Isolated juvenile xanthogranuloma of the subglottis: Case report
Article first published online: 3 APR 2001
Copyright © 2001 John Wiley & Sons, Inc.
Head & Neck
Volume 23, Issue 5, pages 426–429, May 2001
How to Cite
Thevasagayam, M. S., Ghosh, S., O'Neill, D., Panarese, A. and Bull, P. D. (2001), Isolated juvenile xanthogranuloma of the subglottis: Case report. Head Neck, 23: 426–429. doi: 10.1002/hed.1053
- Issue published online: 3 APR 2001
- Article first published online: 3 APR 2001
- Manuscript Accepted: 22 AUG 2000
- juvenile xanthogranulomatosis;
- larynx, granuloma
Juvenile xanthogranulomatosis (JXG) is a relatively rare macrophage proliferative disorder. It usually presents as a localized cutaneous lesion but may affect other organs. Until now it has never been described in the subglottic region of the larynx.

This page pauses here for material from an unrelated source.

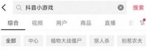 2、打开后,在最上方的搜索栏里搜索“抖音小游戏”。
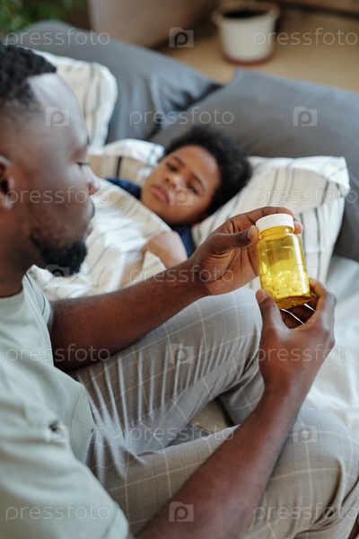 Молодой осторожный отец держит бутылку с таблетками, сидя на кровати рядом со своим больным маленьким сыном

We report the first case of juvenile xanthogranulomatosis (JXG) in the subglottis in a 3 year old child.
The localization in the subglottis caused airway obstruction requiring tracheostomy to secure the airway. On the basis that most cutaneous lesions regress spontaneously the lesion was managed expectantly and regressed over a period of 28 months allowing decannulation of the child.
JXG should be considered in the differential diagnosis of subglottic lesions. Once the airway has been secured, JXG of the subglottis can be managed conservatively. Long-term follow-up is required because of the possibility of relapse at other sites. © 2001 John Wiley & Sons, Inc. Head Neck 23: 426–429, 2001.